Farmland Market Corp. v. North River Insurance

Judgment of the Supreme Court, New York County (J. Dier, J.), entered August 2,1982 and amended February 7,1983, which, after jury trial, awarded plaintiff damages against defendants insurers for losses sustained in a fire on its premises, modified, on the law, solely to the extent of reversing those portions of the judgment which calculated interest due from the date of loss and directing a recalculation of the interest payable commencing 60 days after proofs of loss were submitted by plaintiff, and otherwise affirmed, with costs.

The trial court’s reliance upon section 172 of the Insurance Law in calculating interest from the date of loss was erroneous. Section 172 simply provides that the failure of an insured to file proofs of loss shall not be deemed to invalidate any claim of the insured unless after such loss the insurer gives written notice that it desires proofs of loss and the insured thereafter fails to submit such proofs.
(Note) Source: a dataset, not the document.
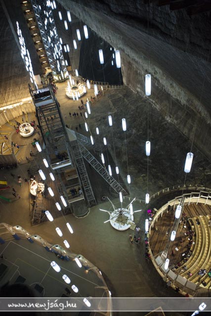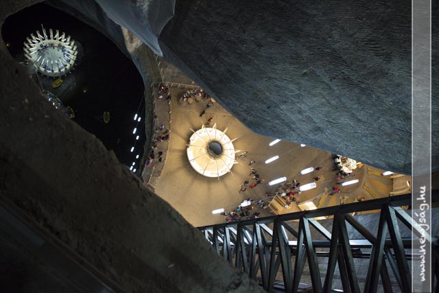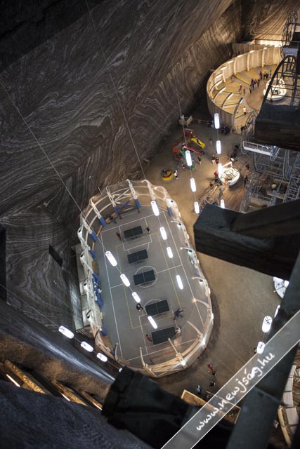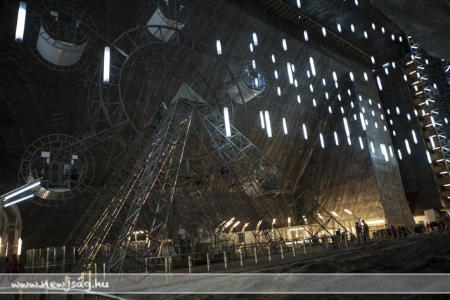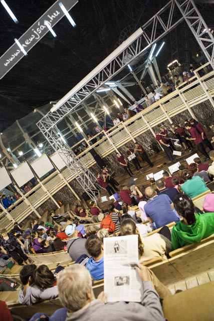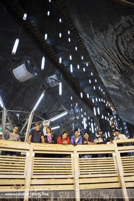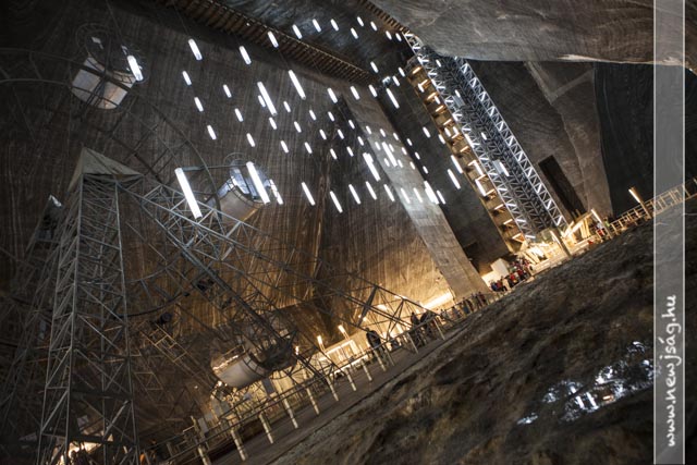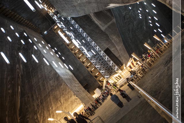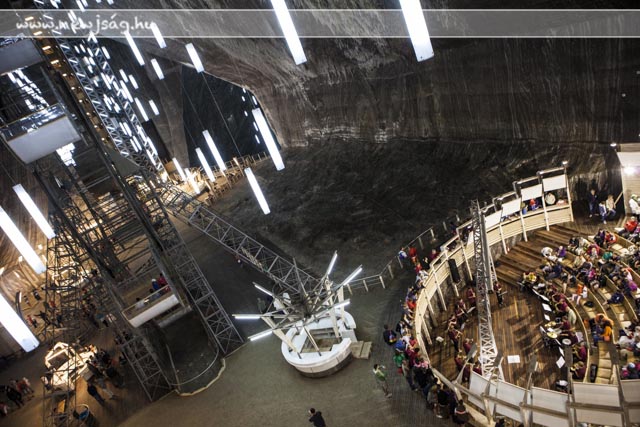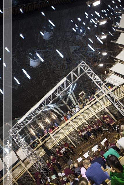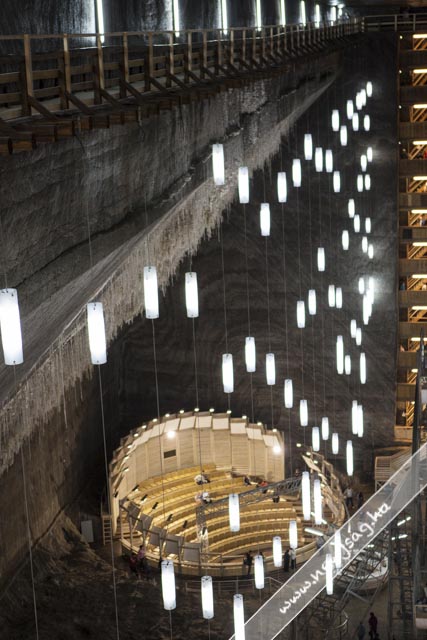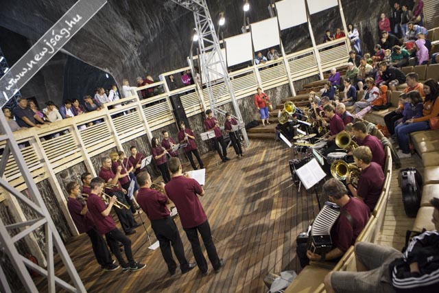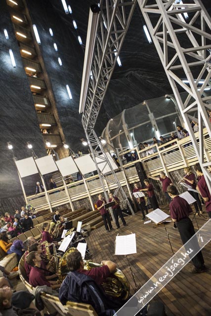 Arra sem legyint az ember, ha azt hallja, hogy sóbányában lépett fel egy zenekar, de a tordai sóbányánál egzotikusabb környezetet ebben a műfajban nehéz találni. Ez a szerencse érte a Szarvasi Hagyományőrző Fúvózenekart szombaton, erdélyi túrájuk egyik fellépésén. Ahogy a mi Víziszínpadunknál kevés színpad van szebb természetes környezetben, addig abban egészen biztos vagyok, hogy a tordainál kevés trendibb. A román építészeten eddig nem sok csodálnivalót találtunk, de ezt a modern ipari, de inkább space-be hajló vonalat nagyon elkapták. Az embernek leesett az álla, már csak a méretek láttán is. Egy 12 emelet magas, hatalmas földalatti termet, aminek sótól csillog a fala, rozsdamentes acél és fa berendezési tárgyakkal töltöttek meg elképesztően jól megkomponáltan. Az embernek az az érzése, hogy egy idegen bolygón egy Alien testében bóklászik, de legalábbis az Alfa holdbázison, és már-már látni véli a Földet ismét megmenteni akaró Bruce Willist egy önjáró fúróval, hóna alatt egy atomtöltettel. Ebben a környezetben el is hinnénk, hogy ez most komoly.

Thus it simply protects the insured’s claim when he has not filed a proof of loss and the insurer has not requested submission of such claim.

The policies involved herein, in conformity with section 168 of the Insurance Law, provide: “The amount of loss for which this Company may be liable shall be payable sixty days after proof of loss, as herein provided, is received by this Company”. Plaintiff filed its proofs of loss with defendants on March 15,1978. By the express terms of the policies then, the amount of loss for which the defendants are liable was not payable until 60 days thereafter.

*603Interest upon a loss payable under a fire insurance policy is not recoverable before the payment of principal is due pursuant to the policy (see 31 NY Jur, Insurance, § 1396). Accordingly, interest herein should be calculated as of 60 days after the submission of the proofs of loss by plaintiff.

Settle order. Concur — Kupferman, J. P., Ross, Asch, Fein and Alexander, JJ.